Brief - Apart from the images, repeat the data below exactly as written.

Dataset excerpts -
......

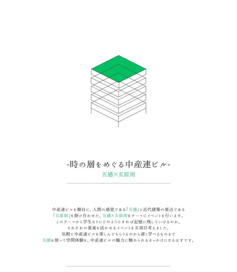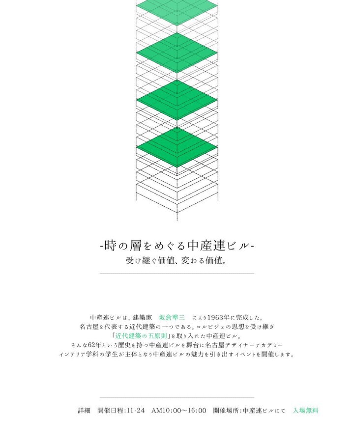 名古屋デザイナー・アカデミー インテリアデザイン学科の学生さんによるイベントに中産連ビルが全面協力する形で「時の層をめぐる中産連ビル」が行われました。なお、このイベントは授業として位置づけられており、企画・立案から始まり、調査・準備・イベントの当日運営までを学生さんが全て行っています。
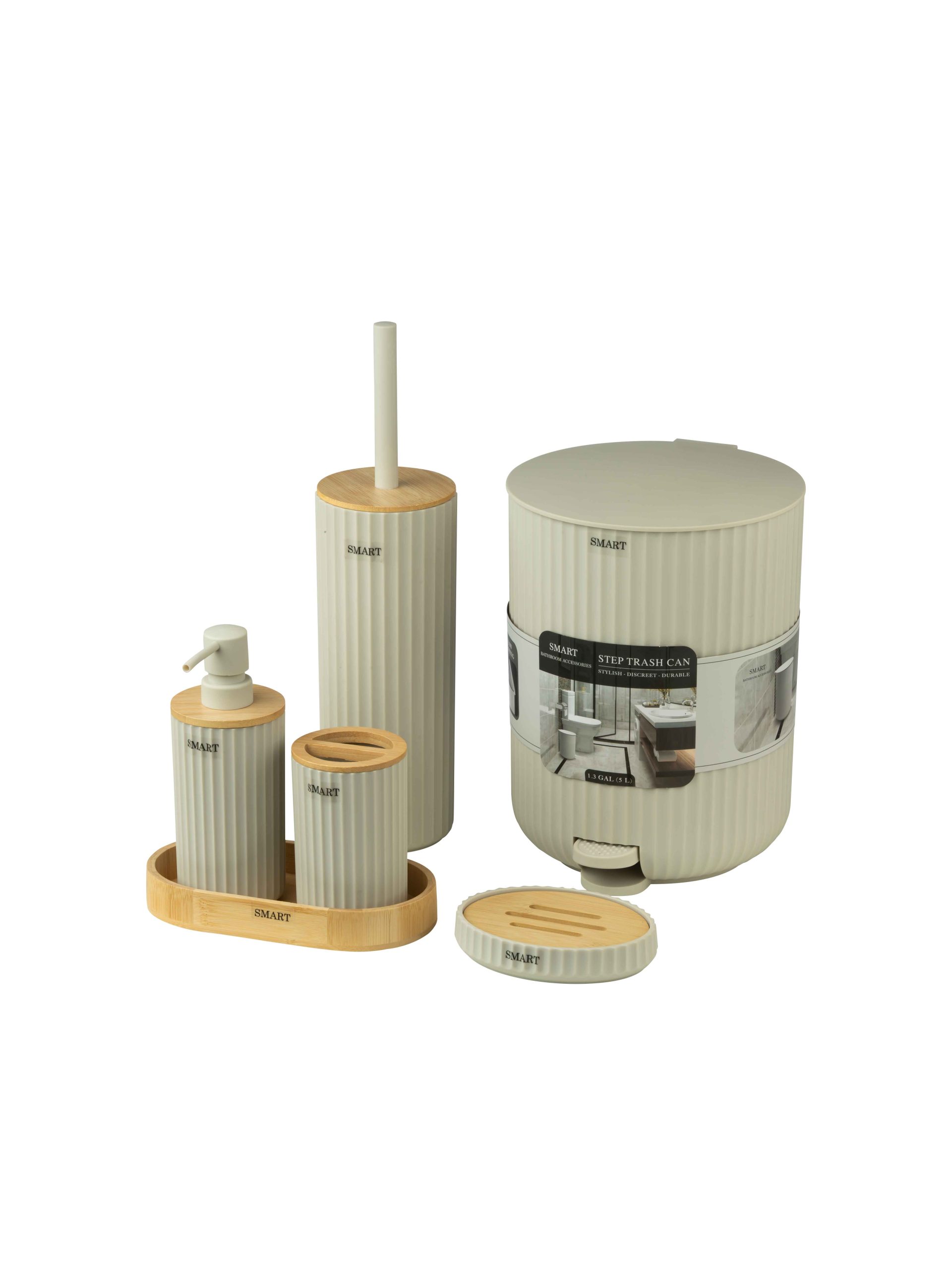 سطل زباله پدالی استفاده را راحت تر می کند و وجود سطل داخلی کمک می کند تخلیه و نظافت ساده تر انجام شود. اگر به دنبال ست هماهنگ با جزئیات کاربردی هستید، ست سرویس بهداشتی اسمارت کاسپر 6 پارچه می تواند انتخاب مرتب و قابل اتکایی برای سرویس اصلی یا سرویس مهمان باشد.
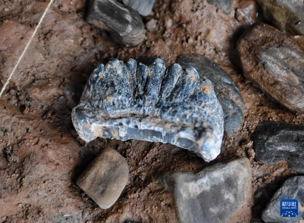 这是在四川资阳濛溪河遗址群发掘的象牙(2023年12月5日摄)。新华社记者 刘坤 摄
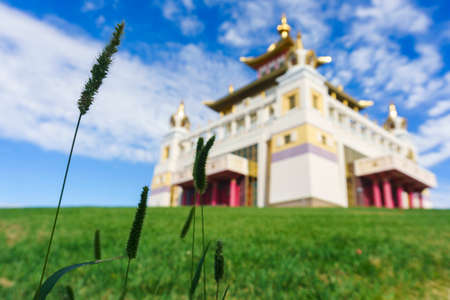 Elista / Russia - September 2018: beautiful rich temple Golden monastery of Buddha in the capital of Russian Buddhism on a bright sunny day blurred against the background of ears of grass
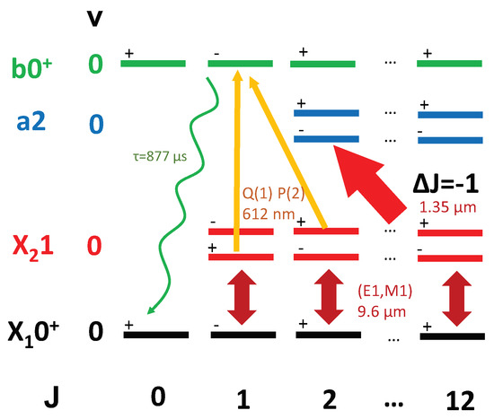 The lifetime of the state is long compared to excited vibrational state lifetimes of , so we do not consider rotational cooling via the transition. For any cooling scheme, however, will be important as it is the strongest decay channel of both b and a2. The addition of this laser significantly reduces the complexity of the four-level system by (1) effectively reducing of and into a single state and (2) via the relatively strong M1 transition, providing different parity coupling than in E1 transitions (Figure 4).
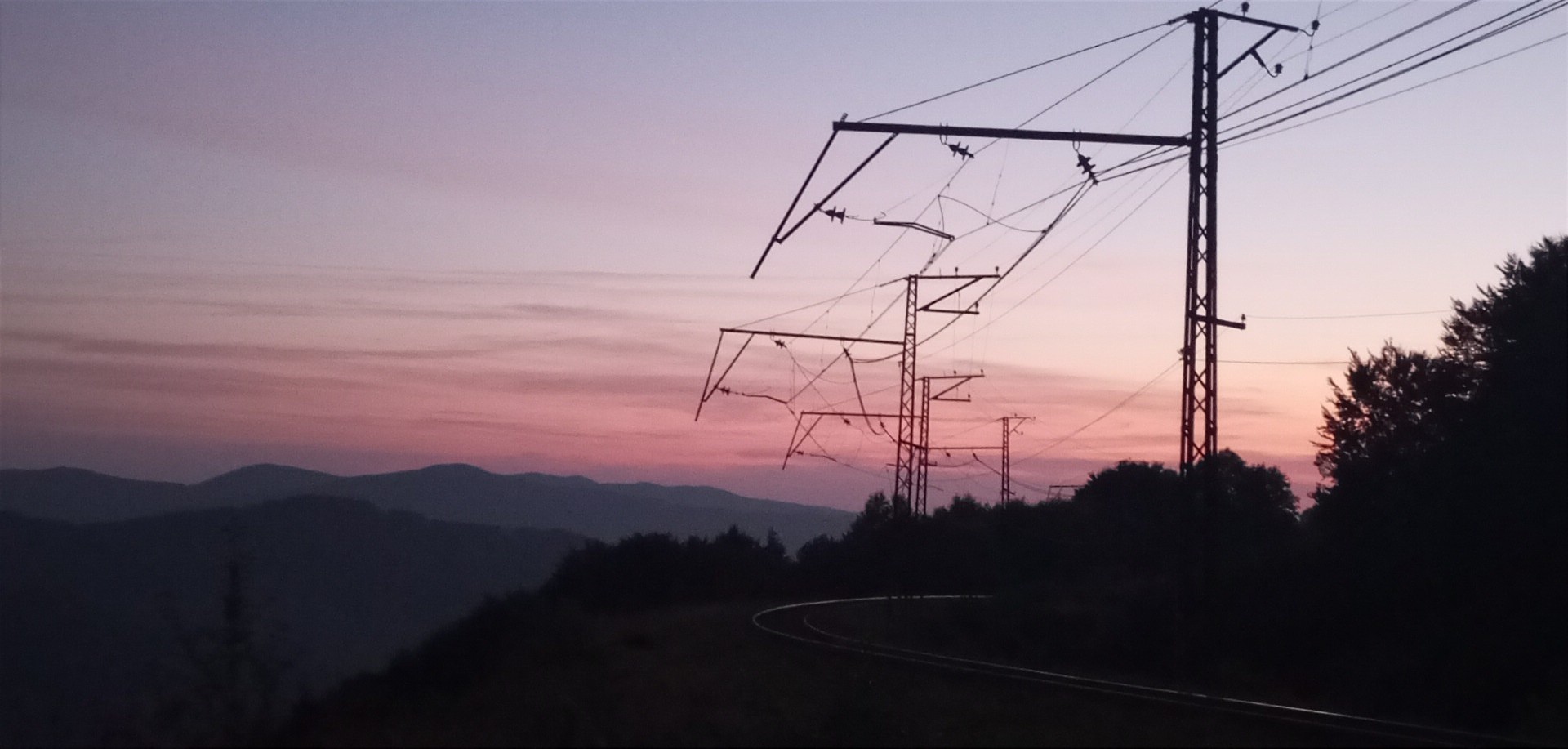 Przepiękny widok na Zakarpacie po zachodzie słońca z biegnąca obok linią kolejową na Uzhorod. Okolice Użoka.
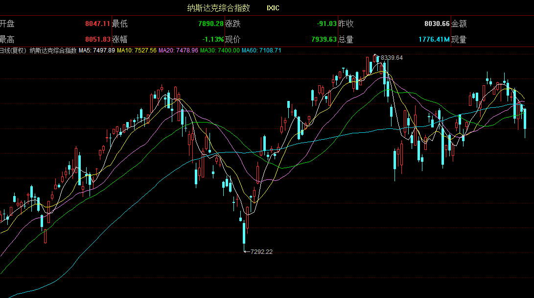 周五美股走弱,道指跌0.26%报26820.25点,纳指跌1.13%报7939.63点。大型科技股全线收低。

......

Your response -
 名古屋デザイナー・アカデミー インテリアデザイン学科の学生さんによるイベントに中産連ビルが全面協力する形で「時の層をめぐる中産連ビル」が行われました。なお、このイベントは授業として位置づけられており、企画・立案から始まり、調査・準備・イベントの当日運営までを学生さんが全て行っています。
 سطل زباله پدالی استفاده را راحت تر می کند و وجود سطل داخلی کمک می کند تخلیه و نظافت ساده تر انجام شود. اگر به دنبال ست هماهنگ با جزئیات کاربردی هستید، ست سرویس بهداشتی اسمارت کاسپر 6 پارچه می تواند انتخاب مرتب و قابل اتکایی برای سرویس اصلی یا سرویس مهمان باشد.
 这是在四川资阳濛溪河遗址群发掘的象牙(2023年12月5日摄)。新华社记者 刘坤 摄
 Elista / Russia - September 2018: beautiful rich temple Golden monastery of Buddha in the capital of Russian Buddhism on a bright sunny day blurred against the background of ears of grass
 The lifetime of the state is long compared to excited vibrational state lifetimes of , so we do not consider rotational cooling via the transition. For any cooling scheme, however, will be important as it is the strongest decay channel of both b and a2. The addition of this laser significantly reduces the complexity of the four-level system by (1) effectively reducing of and into a single state and (2) via the relatively strong M1 transition, providing different parity coupling than in E1 transitions (Figure 4).
 Przepiękny widok na Zakarpacie po zachodzie słońca z biegnąca obok linią kolejową na Uzhorod. Okolice Użoka.
 周五美股走弱,道指跌0.26%报26820.25点,纳指跌1.13%报7939.63点。大型科技股全线收低。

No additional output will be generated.